Err. Uhh. The Unreal engine scales to MMO-capability by itself.
I don't know if anything has changed with UE4, but the last time I worked with the Unreal engine, it didn't by far.
Unreal is designed as a first-person shooter engine and its built-in networking code is based around that. It's designed for low-latency medium-bandwidth links to support twitch gaming. It has a hard player cap that was originally 16 but I think increased to 64 in UE2 or 3 (the stuff I used it for never came close to that). The out of the box server will let you load statelessly connect several players together on a single map. If you want more than one map, you have to run multiple servers and there's no built in method to persist data across them or control who connects to which one.
AFAIK it doesn't have any kind of seamless transfer support that people have come to expect in a modern MMO. So you're looking at frequent loading screens / waiting for connection messages when moving between areas. UE3 added "Seamless Travel", but that's for a local game or a co-op server where the server itself loads a new map because everyone on it is in the loading zone and moving the same direction.
There's a couple of methods to use it for an MMO instead. You can either use the built-in networking code and write / use your own stuff on the back end to handle character state persistence and moving them between maps. That's what DCUO does IIRC. It's decent for games that need fast reaction to things, but if your MMO isn't twitch based then you're wasting a lot of bandwidth (which adds up fast in the datacenter with thousands of people connected).

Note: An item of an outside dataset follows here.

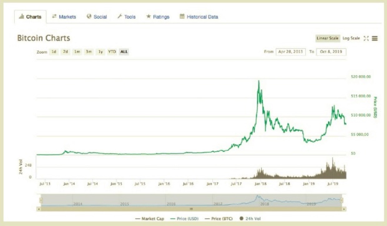 9 октября 2019 года рыночная капитализация 2961 вышедшей на биржу криптовалюты составила 228 миллиардов 861 миллион 987 тысяч 233 доллара (почти 15 триллионов рублей). Это около 0.25% от годового мирового ВВП ($87 265 226 000 000 в 2019 году по данным Международного валютного фонда).
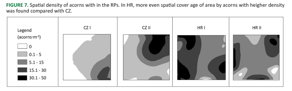 The statistical differences between the RPs in terms of tree or acorn characteristics were tested using the non-parametric Kruskal-Wallis one-way analysis of variance (using Statistica 10 - StatSoft, Inc., USA). The spatial pattern of acorns (see Figure 7) in 5 categories of density (0; 0.1-5; 5.1-15; 15.1-30; 30.1-50 acorns per m2) was estimated on each RP using ArcGis 10 with Kernel statistics (interpolation) tool (Esri, Inc., USA). This analysis was a basis for deriving the share of area covered by acorns and the share of crop oaks belonging to different categories of acorn density (see Table 10).

The other option is to use a completely custom server backend, eschew the built-in networking code altogether, and replace it with your own. In that case, Unreal would think that it's a single player game running locally, but your own code plugged in to it is creating actors that seem to be computer controlled, but are really being driven by a connection to your custom MMO back-end. With that setup, you have no limits on the number of players in the area beyond what your own code and the client PC's graphics can handle. You *might* be able to leverage the Seamless map loading support in this setup, but it would be tricky to get right.